Cost Considerations of Antibody-based Drugs: Antibody-based drugs are typically more expensive than traditional small molecule drugs, in part because they are more complex to manufacture. They also require larger doses and longer treatment durations. Additionally, some antibody-based drugs are only approved for use in certain patient populations, which can limit their market and drive up their cost. For example, a drug that is only approved for use in a small subset of patients with a particular type of cancer may have a higher cost per patient than a drug that is approved for use in a larger patient population.
Current Research and Future of Precision Medicine in Cancer Therapy
Our limited knowledge of how cancer genes and traits are related prevents us from effectively using genetic information to match cancer patients with the most suitable treatments. To overcome this drawback, it is possible to subject living tumor cells from patients to potential treatments to test their effectiveness. Recently, advanced functional diagnostic technologies have emerged, which include innovative ways to manipulate tumors, and precise assays to evaluate tumor responses at a molecular level that surpass the limitations of older chemosensitivity tests. These technologies offer significant potential for combining functional testing with next-generation sequencing and immunoprofiling to accurately match combination therapies with individual cancer patients in the future.
One of the promising areas of research is the development of liquid biopsies, which involve testing a patient’s blood for cancer biomarkers instead of taking a tissue sample. This approach is less invasive and more convenient than traditional biopsies, and allows for more frequent monitoring of the cancer’s progression and response to treatment.
Artificial intelligence and machine learning are also being used in the field of precision medicine to analyze large amounts of data, including genomic data, medical records, and clinical trial data. This allows physicians to identify patterns and predict treatment outcomes, which can help them make more informed treatment decisions.
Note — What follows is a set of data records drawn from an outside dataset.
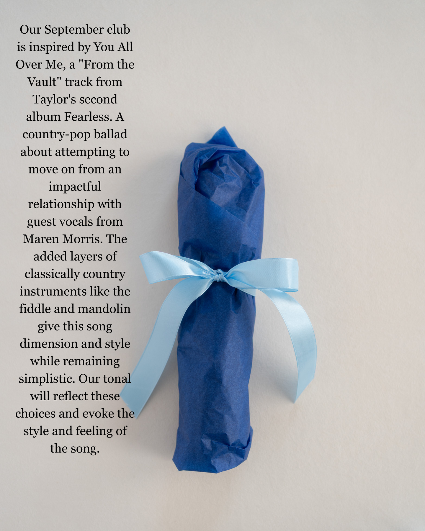 Our September club is inspired by You All Over Me, a "From the Vault" track from Taylor's second album Fearless. A country-pop ballad about attempting to move on from an impactful relationship with guest vocals from Maren Morris. The added layers of classically country instruments like the fiddle and mandolin give this song dimension and style while remaining simplistic. Our tonal will reflect these choices and evoke the style and feeling of the song.
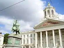Nonobstant cette vision romantique d'un Godefroy (déjà) belge, cette interprétation n'est pas absolument fantaisiste et sans fondement. En effet, sur la statue de Godefroy sise sur la place Royale de Bruxelles, outre la mention qui y est faite de sa qualité de premier souverain de Jérusalem, l'on y voit aussi mentionné son titre de duc de Basse-Lotharingie. Or, ce duché, existant de 959 à 1190, couvrait une bonne partie du territoire de la Belgique actuelle et, à son extinction, sa titulature fut léguée perpétuellement aux ducs de Brabant, et y était évoquée sous le vocable composé de duc Brabant et de Lothier. Ainsi Godefroy porta-t-il le titre de duc d'un État largement précurseur de l'État belge indépendant et dont les souverains étaient intronisés sur les marches de l'église Saint-Jacques-sur-Coudenberg, à quelques mètres de l'emplacement de la statue. Celle-ci fut d'ailleurs élevée en 1848 au centre de la place Royale où le premier roi des Belges, Léopold Ier, prêta le serment constitutionnel le , sur les marches de l’église Saint-Jacques-sur-Coudenberg comme traditionnellement[56] avant lui les souverains du duché de Brabant et de Lothier[57].
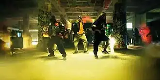 The video begins with scenes of Brown wearing a mirrored mask inside a giant birdcage, before switching to a dance routine in a smoke-filled, graffiti-covered parking garage. The mask was created for Brown by producer-collaborator Nick Marsh. In between these scenes, the video shows a Step Up-type dance-off in the parking garage.[20] When Brown raps his verse, he is seen standing next to Rhymes, wearing horn-rimmed glasses, a red Brooklyn cap, and a white baseball jersey, which was the signature look of Mars Blackmon from the 1986 film, She's Gotta Have It.[18] Rhymes then raps his verse after Brown's, standing beside him and later on the stairs in the parking garage. Wayne's verse soon follows after, with scenes of him rapping in front of the DeLorean sports car, and also on top of an ambulance car. The video also features cameo appearance from Kevin McCall, Diplo, Birdman, Tyga and Mack Maine. Birdman and Maine appear when Lil Wayne is performing his verse.
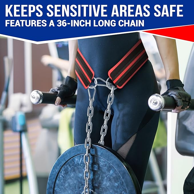 - HEAVY-DUTY DESIGN - Our dip belt for weight lifting features a 36” steel chain, allowing you to easily add weight for dips & pull-ups. Built for durability, our chain lifting belt handles your toughest workouts with ease.

New methods for inhibiting immune checkpoint regulators, utilizing engineered T-cell therapy to overcome immune tolerance, and discovering fresh tumor antigens through next-generation sequencing have ushered in a new phase of cancer immunotherapy. This area includes both passive and active immunotherapy.
Passive immunotherapy involves introducing agents like monoclonal antibodies, lymphocytes, or cytokines that strengthen the existing anti-tumor response. Conversely, active immunotherapy strives to activate the individual’s immune system to fight tumor cells using methods like vaccination, non-specific immunomodulation, or targeting specific antigen receptors.
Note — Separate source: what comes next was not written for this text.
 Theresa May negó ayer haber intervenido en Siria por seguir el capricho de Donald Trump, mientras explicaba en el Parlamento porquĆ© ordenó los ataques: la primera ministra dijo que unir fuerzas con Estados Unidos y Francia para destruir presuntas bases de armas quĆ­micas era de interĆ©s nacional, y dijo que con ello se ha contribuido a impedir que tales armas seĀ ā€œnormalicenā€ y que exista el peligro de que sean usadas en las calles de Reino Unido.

As our understanding of cancer biology and genetics continues to advance, we can expect to see more personalized and effective treatments for individual patients. While challenges remain, the potential benefits of precision medicine in cancer make it an exciting and important area of research.
References
- Friedman, Adam A.; Letai, Anthony; Fisher, David E.; Flaherty, Keith T. (2015). Precision medicine for cancer with next-generation functional diagnostics. Nature Reviews Cancer, (), –. doi:10.1038/nrc4015
- Jin, S., Sun, Y., Liang, X. et al.Emerging new therapeutic antibody derivatives for cancer treatment. Sig Transduct Target Ther 7, 39 (2022). https://doi.org/10.1038/s41392-021-00868-x
- Fountzilas, E., Tsimberidou, A.M., Vo, H.H. et al.Clinical trial design in the era of precision medicine. Genome Med 14, 101 (2022). https://doi.org/10.1186/s13073-022-01102-1
- Rebecca S. Goydel;Christoph Rader; (2021). Antibody-based cancer therapy . Oncogene, (), –. doi:10.1038/s41388-021-01811-8
- Zhang H, Chen J. Current status and future directions of cancer immunotherapy. J Cancer. 2018 Apr 19;9(10):1773-1781. doi: 10.7150/jca.24577. PMID: 29805703; PMCID: PMC5968765.